---------- Input records ----------
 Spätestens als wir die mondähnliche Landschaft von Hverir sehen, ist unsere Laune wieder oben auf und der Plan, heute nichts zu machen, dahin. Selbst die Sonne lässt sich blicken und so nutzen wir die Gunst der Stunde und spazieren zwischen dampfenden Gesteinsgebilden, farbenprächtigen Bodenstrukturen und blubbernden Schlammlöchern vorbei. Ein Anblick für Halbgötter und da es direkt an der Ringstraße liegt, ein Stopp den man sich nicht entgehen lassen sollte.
----------
---------- Input records ----------
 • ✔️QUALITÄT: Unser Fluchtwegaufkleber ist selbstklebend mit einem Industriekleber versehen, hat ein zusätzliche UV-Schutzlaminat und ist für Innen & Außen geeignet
----------
---------- Input records ----------
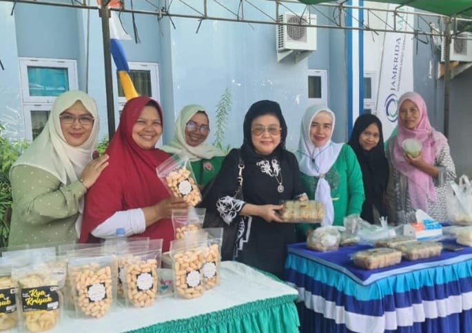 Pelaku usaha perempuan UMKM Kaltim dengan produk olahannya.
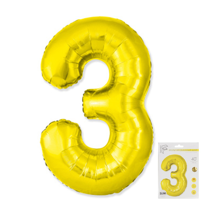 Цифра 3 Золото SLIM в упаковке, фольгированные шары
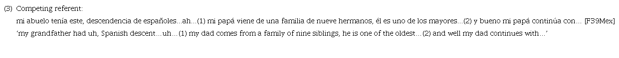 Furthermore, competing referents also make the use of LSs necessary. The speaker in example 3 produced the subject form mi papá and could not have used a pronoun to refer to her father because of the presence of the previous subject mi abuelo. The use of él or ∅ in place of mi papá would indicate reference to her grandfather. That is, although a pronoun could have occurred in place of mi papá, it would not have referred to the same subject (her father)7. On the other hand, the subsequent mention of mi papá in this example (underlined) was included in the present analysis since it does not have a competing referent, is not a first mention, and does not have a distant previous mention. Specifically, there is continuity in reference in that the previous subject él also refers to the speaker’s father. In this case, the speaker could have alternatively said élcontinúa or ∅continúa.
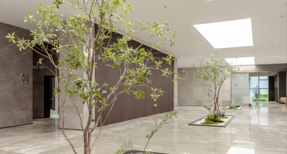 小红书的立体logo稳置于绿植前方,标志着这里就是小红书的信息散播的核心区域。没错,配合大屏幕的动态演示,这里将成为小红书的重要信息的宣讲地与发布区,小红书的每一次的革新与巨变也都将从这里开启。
----------
# What to do:
Exactly reproduce the lines above, starting at the one that contains "Цифра 3 Золото" and ending at the one that contains "小红书的立体logo稳置于绿", both inclusive; leave the pictures out and add no other lines.

# Solution for this problem:
 Цифра 3 Золото SLIM в упаковке, фольгированные шары
 Furthermore, competing referents also make the use of LSs necessary. The speaker in example 3 produced the subject form mi papá and could not have used a pronoun to refer to her father because of the presence of the previous subject mi abuelo. The use of él or ∅ in place of mi papá would indicate reference to her grandfather. That is, although a pronoun could have occurred in place of mi papá, it would not have referred to the same subject (her father)7. On the other hand, the subsequent mention of mi papá in this example (underlined) was included in the present analysis since it does not have a competing referent, is not a first mention, and does not have a distant previous mention. Specifically, there is continuity in reference in that the previous subject él also refers to the speaker’s father. In this case, the speaker could have alternatively said élcontinúa or ∅continúa.
 小红书的立体logo稳置于绿植前方,标志着这里就是小红书的信息散播的核心区域。没错,配合大屏幕的动态演示,这里将成为小红书的重要信息的宣讲地与发布区,小红书的每一次的革新与巨变也都将从这里开启。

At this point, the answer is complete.